Source material.

# # # # #

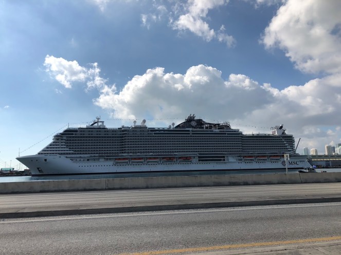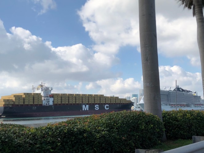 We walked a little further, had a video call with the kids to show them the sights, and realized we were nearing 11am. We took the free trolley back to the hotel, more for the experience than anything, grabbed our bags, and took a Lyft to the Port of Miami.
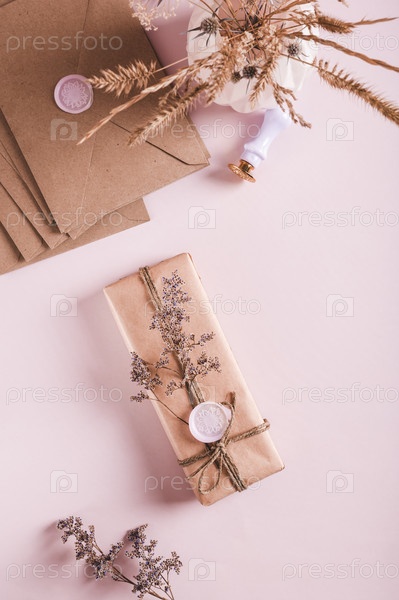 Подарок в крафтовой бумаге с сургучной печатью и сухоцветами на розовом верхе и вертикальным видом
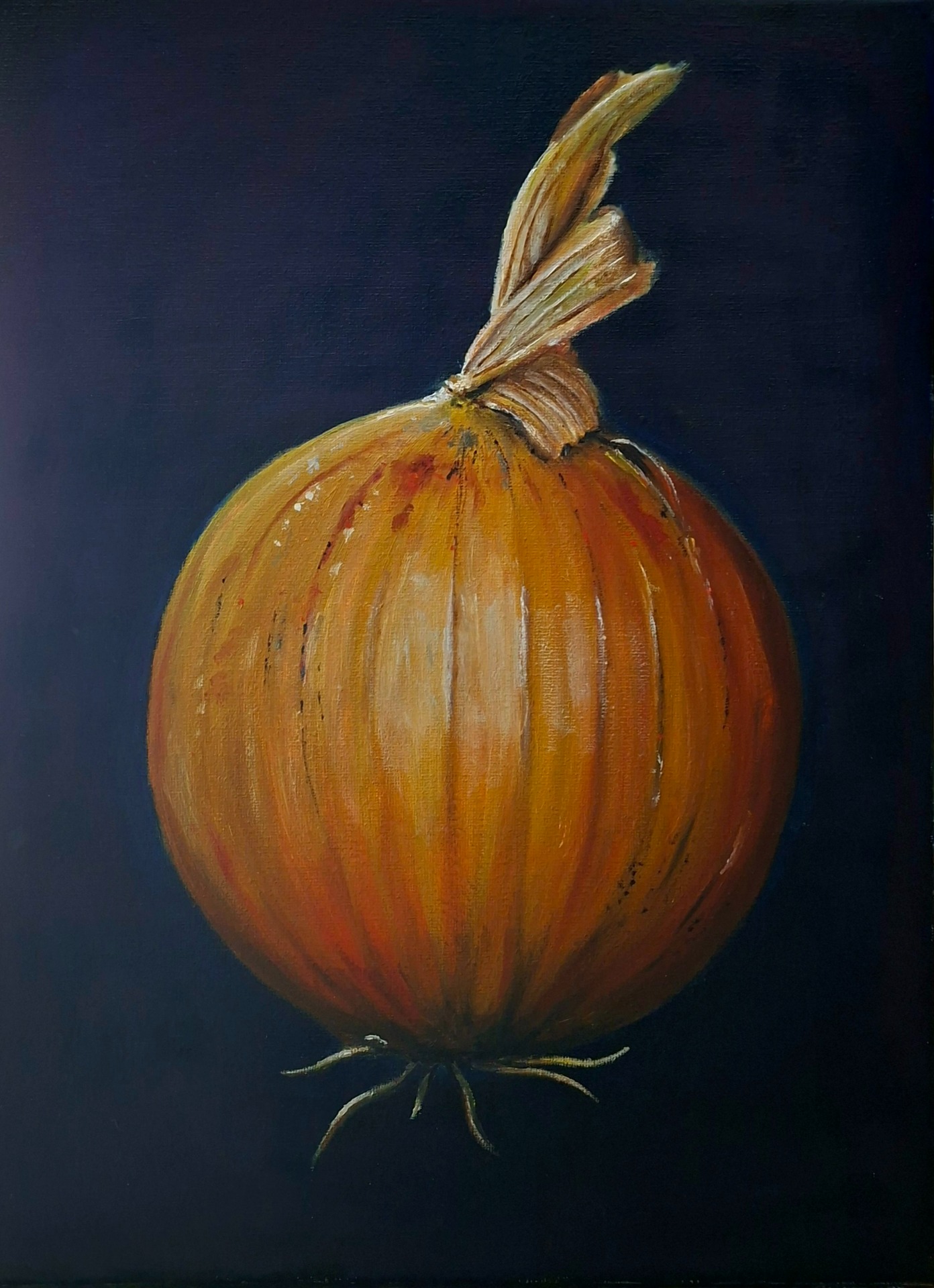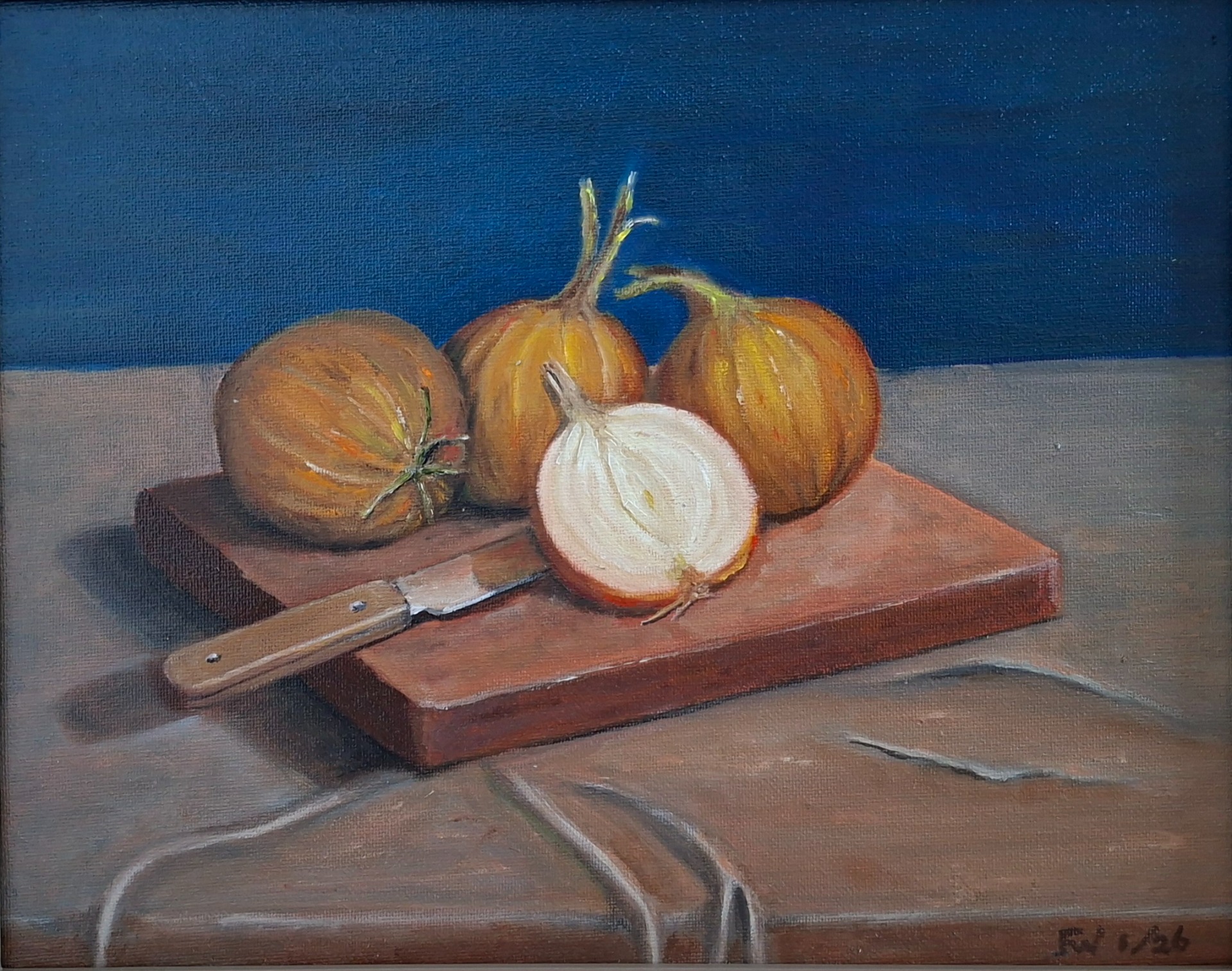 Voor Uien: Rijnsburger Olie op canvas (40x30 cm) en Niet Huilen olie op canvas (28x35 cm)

# # # # #

Exercise description.
Print out all the material word for word but exclude any images.

Task output.
 We walked a little further, had a video call with the kids to show them the sights, and realized we were nearing 11am. We took the free trolley back to the hotel, more for the experience than anything, grabbed our bags, and took a Lyft to the Port of Miami.
 Подарок в крафтовой бумаге с сургучной печатью и сухоцветами на розовом верхе и вертикальным видом
 Voor Uien: Rijnsburger Olie op canvas (40x30 cm) en Niet Huilen olie op canvas (28x35 cm)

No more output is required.